Judima: A traditional wine reflecting the shared memory of the Dimasa community

BY | Saturday, 9 December, 2023

“Judima is embedded in our Dimasa culture from birth to death,” says Ronald Difoesa Dimasa, Asst Professor and President of Kachari Nohdrang Committee, Kisama.

Judima is a traditional wine of the Kacharis/Dimasas of Nagaland and Assam. This ethnic rice wine is also the first traditional brew in the Northeast to receive GI tag under Assam. Ju in Dimasa Kachari means traditional brew and Dima is indicative of the Dimasa Kachari community.

From the time a child is born, till the passing of a person and everything in between, Judima is an indispensable part of the indigenous Dimasa community in both Assam and Nagaland. It is served in almost every occasion such as birth, engagements, marriage, funerals and festivals of the community.

“No important occasion—whether it’s a celebration or mourning ritual—is complete without it. The taste of Judima resides deep in the shared memory of the community,” writes Scholars Dejna Daulagupu and Dolly Kikon in their paper “Following Judima in Dima Hasao: A Rice Wine Story” published in Locavore.

The paper also highlights the meticulous process of brewing Judima which takes more than a month to mature, the sacredness of the brew among the Dimasa community, and the deep cultural, ecological and social significance of a drink which binds the community together. For instance, during the first birth ritual known as nana besheng jiriba, Judima is dabbed on the lips of the newborn baby, mentions Kikon and Daulagupu.
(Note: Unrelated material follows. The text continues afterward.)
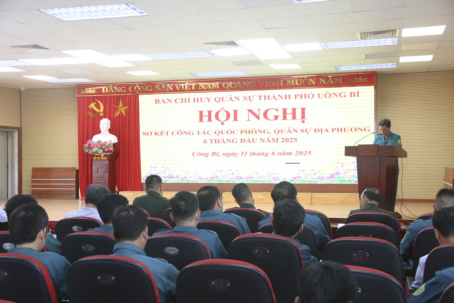 Chiều 11/6, Ban Chỉ huy Quân sự (CHQS) thành phố Uông Bí đã tổ chức hội nghị sơ kết công tác quốc phòng, quân sự địa phương 6 tháng đầu năm 2025. Dự hội nghị có đồng chí Phạm Tuấn Đạt, Phó Bí thư Thành ủy, Chủ tịch UBND thành phố; Thượng tá Nguyễn Tiến Vinh, Chỉ huy trưởng Ban CHQS thành phố.
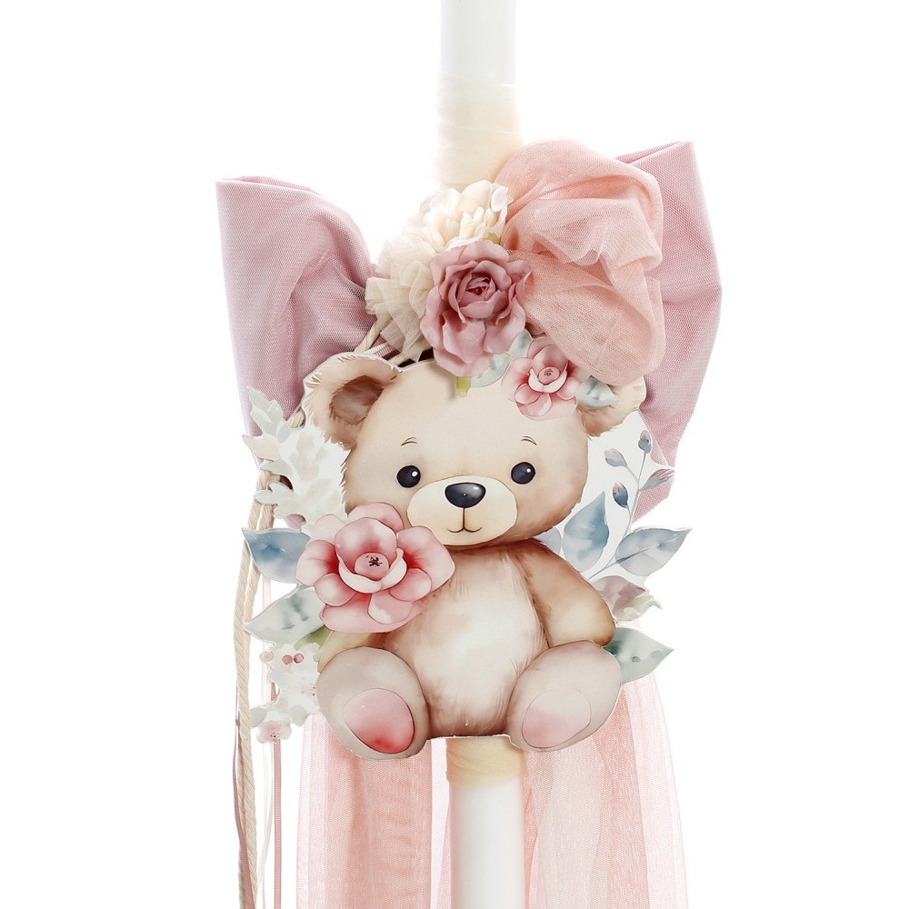 ✔ Λαμπάδα βάπτισης, διακοσμημένη με ξύλινο στοιχείο UV εκτύπωσης αρκουδάκι, τούλια, φιόγκους και λουλουδάτα διακοσμητικά.

Made from fermented sticky rice, brewing Judima involves a long and meticulous process, according to Difoesa. The fermenting agent is collected from a certain plant called Thempra.The bark of Themprah tree (Acacia Penata), cut into tiny pieces, is used as an agent with the grounded rice to prepare a solid cake called Humao as a starter for brewing Judima. Themprah is primarily used among the community to make Judima.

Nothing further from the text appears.